------ Source material ------

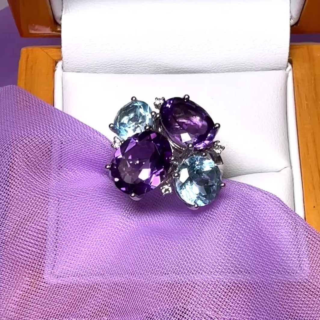 Real blue topaz and real amethyst dress cocktail fancy cluster ring
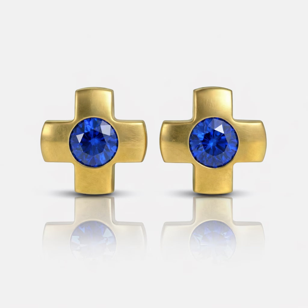 Altın Kaplama Cerrahi Çelik Kulak Delme Küpesi - Crosslite Sapphire Alerji Yapmayan (Çift)
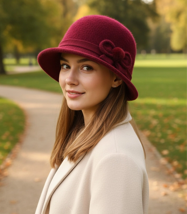 This cloche hat impresses with its soft, elegant finish and decorative bow that adds a girly charm. It is ideal for walking, urban styling and cooler days. A timeless and extremely feminine accessory.
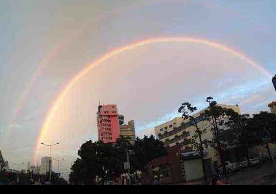 昨天(21日)傍晚,強(qiáng)降雨過程剛剛減弱的空隙,北海市區(qū)天空美景如畫,晚霞和雙彩虹相應(yīng)成趣的在天空舞臺上精彩的“表演”,讓很多路人駐足觀看。諺語有“朝霞不出門,晚霞行千里;東虹日頭,西虹雨”的講法,昨天傍晚北海市出現(xiàn)的是“西邊晚霞,東邊彩虹”景象,當(dāng)時拍攝地點廣東路還下著點小雨。此次彩虹生命極短,從單虹變雙虹直至消失只持續(xù)了30分鐘左右。
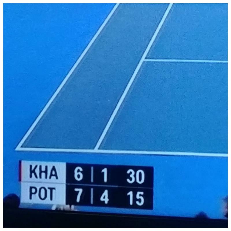 Toevalligheden die heel grappig zijn, zoals deze stand bij een tenniswedstrijd
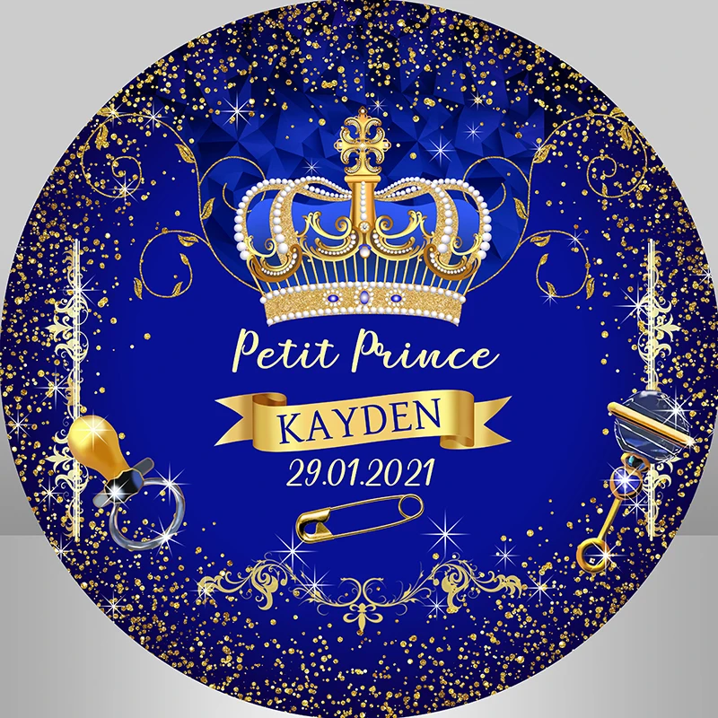 Королевский синий принц круглый фон крышка золотая корона украшение для вечеринки в честь будущей матери Конфеты стол Баннер день рождения
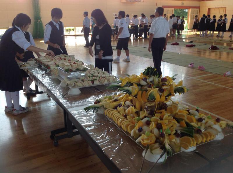 3年生の卒業記念としてバイキング給食が行われました。中央には綺麗に彩られたフルーツ盛り合わせとサンドイッチが。食べるのがもったいないくらい綺麗です。
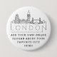 Un botón de personalizable que representa la hermosa ciudad de Londres, Inglaterra. Este botón presenta un estilizado ilustracion deco del paisaje único de la ciudad junto con su nombre debajo. Debajo del nombre de la ciudad hay un lugar para tu lema único o declaración sobre tu ciudad favorita.

------

Required action>
Pictures are to be omitted. The lines from the line holding "昨天(21日)傍晚,強(qi" through the closing line of the data above are to be set down exactly, and nothing more.

Task output>
 昨天(21日)傍晚,強(qiáng)降雨過程剛剛減弱的空隙,北海市區(qū)天空美景如畫,晚霞和雙彩虹相應(yīng)成趣的在天空舞臺上精彩的“表演”,讓很多路人駐足觀看。諺語有“朝霞不出門,晚霞行千里;東虹日頭,西虹雨”的講法,昨天傍晚北海市出現(xiàn)的是“西邊晚霞,東邊彩虹”景象,當(dāng)時拍攝地點廣東路還下著點小雨。此次彩虹生命極短,從單虹變雙虹直至消失只持續(xù)了30分鐘左右。
 Toevalligheden die heel grappig zijn, zoals deze stand bij een tenniswedstrijd
 Королевский синий принц круглый фон крышка золотая корона украшение для вечеринки в честь будущей матери Конфеты стол Баннер день рождения
 3年生の卒業記念としてバイキング給食が行われました。中央には綺麗に彩られたフルーツ盛り合わせとサンドイッチが。食べるのがもったいないくらい綺麗です。
 Un botón de personalizable que representa la hermosa ciudad de Londres, Inglaterra. Este botón presenta un estilizado ilustracion deco del paisaje único de la ciudad junto con su nombre debajo. Debajo del nombre de la ciudad hay un lugar para tu lema único o declaración sobre tu ciudad favorita.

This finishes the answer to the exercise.